**Your instructions**
Carry none of the pictures over; write out the complete data exactly.

**Recorded data**
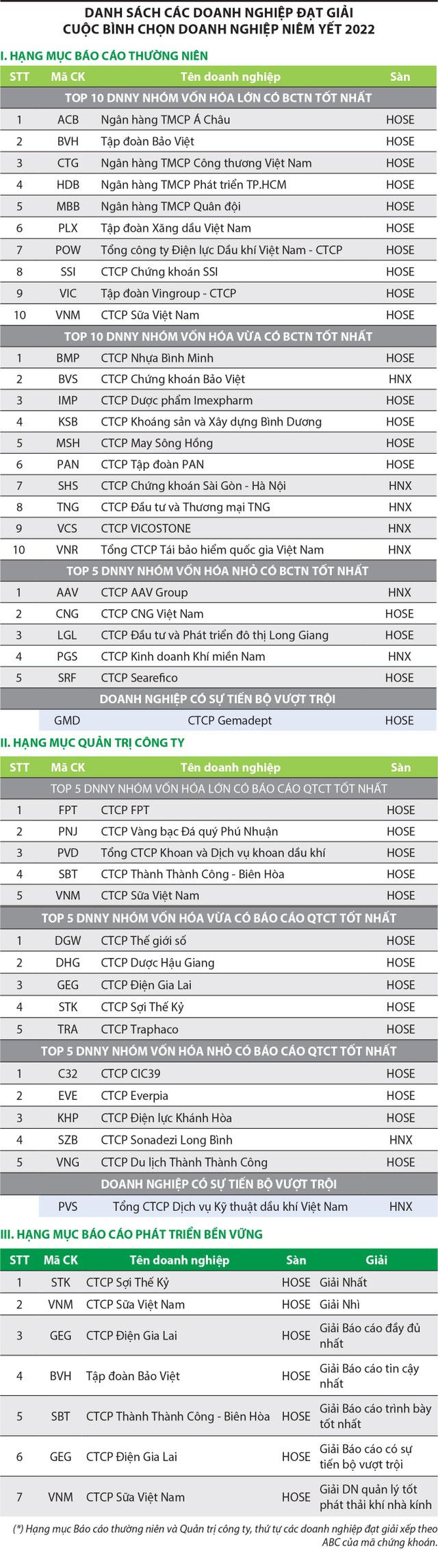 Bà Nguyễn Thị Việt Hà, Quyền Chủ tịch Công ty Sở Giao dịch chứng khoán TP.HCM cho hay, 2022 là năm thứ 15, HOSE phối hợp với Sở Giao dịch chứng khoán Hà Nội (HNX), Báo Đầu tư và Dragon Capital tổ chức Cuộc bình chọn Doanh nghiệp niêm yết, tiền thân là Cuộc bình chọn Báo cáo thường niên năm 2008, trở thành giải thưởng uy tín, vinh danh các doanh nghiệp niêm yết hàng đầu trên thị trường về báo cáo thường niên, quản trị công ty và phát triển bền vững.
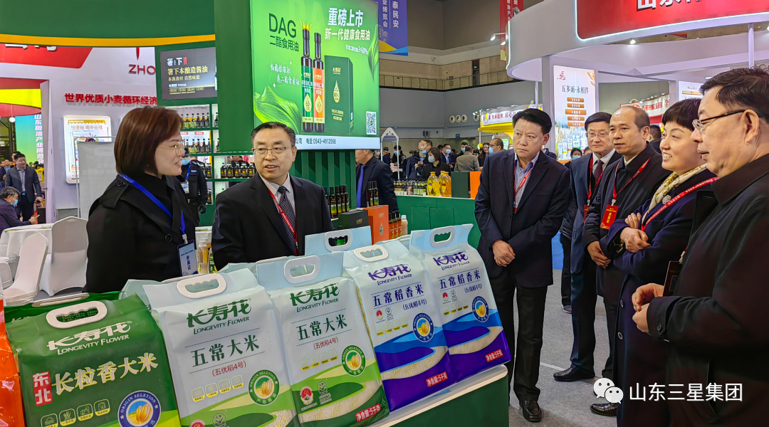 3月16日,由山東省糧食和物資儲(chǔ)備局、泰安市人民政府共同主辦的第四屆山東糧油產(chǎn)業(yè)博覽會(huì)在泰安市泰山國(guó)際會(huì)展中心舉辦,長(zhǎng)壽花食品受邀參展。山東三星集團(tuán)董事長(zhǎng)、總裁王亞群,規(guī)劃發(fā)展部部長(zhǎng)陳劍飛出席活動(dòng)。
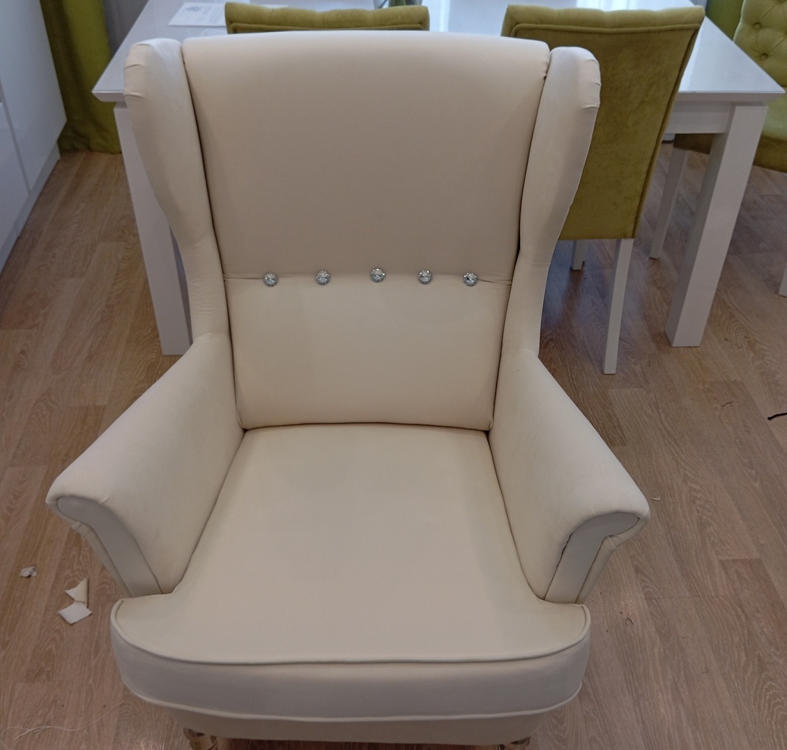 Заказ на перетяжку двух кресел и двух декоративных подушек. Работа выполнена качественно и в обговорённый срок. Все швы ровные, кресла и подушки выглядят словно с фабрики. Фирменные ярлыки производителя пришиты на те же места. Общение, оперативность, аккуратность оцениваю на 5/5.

**Answer section**
 Bà Nguyễn Thị Việt Hà, Quyền Chủ tịch Công ty Sở Giao dịch chứng khoán TP.HCM cho hay, 2022 là năm thứ 15, HOSE phối hợp với Sở Giao dịch chứng khoán Hà Nội (HNX), Báo Đầu tư và Dragon Capital tổ chức Cuộc bình chọn Doanh nghiệp niêm yết, tiền thân là Cuộc bình chọn Báo cáo thường niên năm 2008, trở thành giải thưởng uy tín, vinh danh các doanh nghiệp niêm yết hàng đầu trên thị trường về báo cáo thường niên, quản trị công ty và phát triển bền vững.
 3月16日,由山東省糧食和物資儲(chǔ)備局、泰安市人民政府共同主辦的第四屆山東糧油產(chǎn)業(yè)博覽會(huì)在泰安市泰山國(guó)際會(huì)展中心舉辦,長(zhǎng)壽花食品受邀參展。山東三星集團(tuán)董事長(zhǎng)、總裁王亞群,規(guī)劃發(fā)展部部長(zhǎng)陳劍飛出席活動(dòng)。
 Заказ на перетяжку двух кресел и двух декоративных подушек. Работа выполнена качественно и в обговорённый срок. Все швы ровные, кресла и подушки выглядят словно с фабрики. Фирменные ярлыки производителя пришиты на те же места. Общение, оперативность, аккуратность оцениваю на 5/5.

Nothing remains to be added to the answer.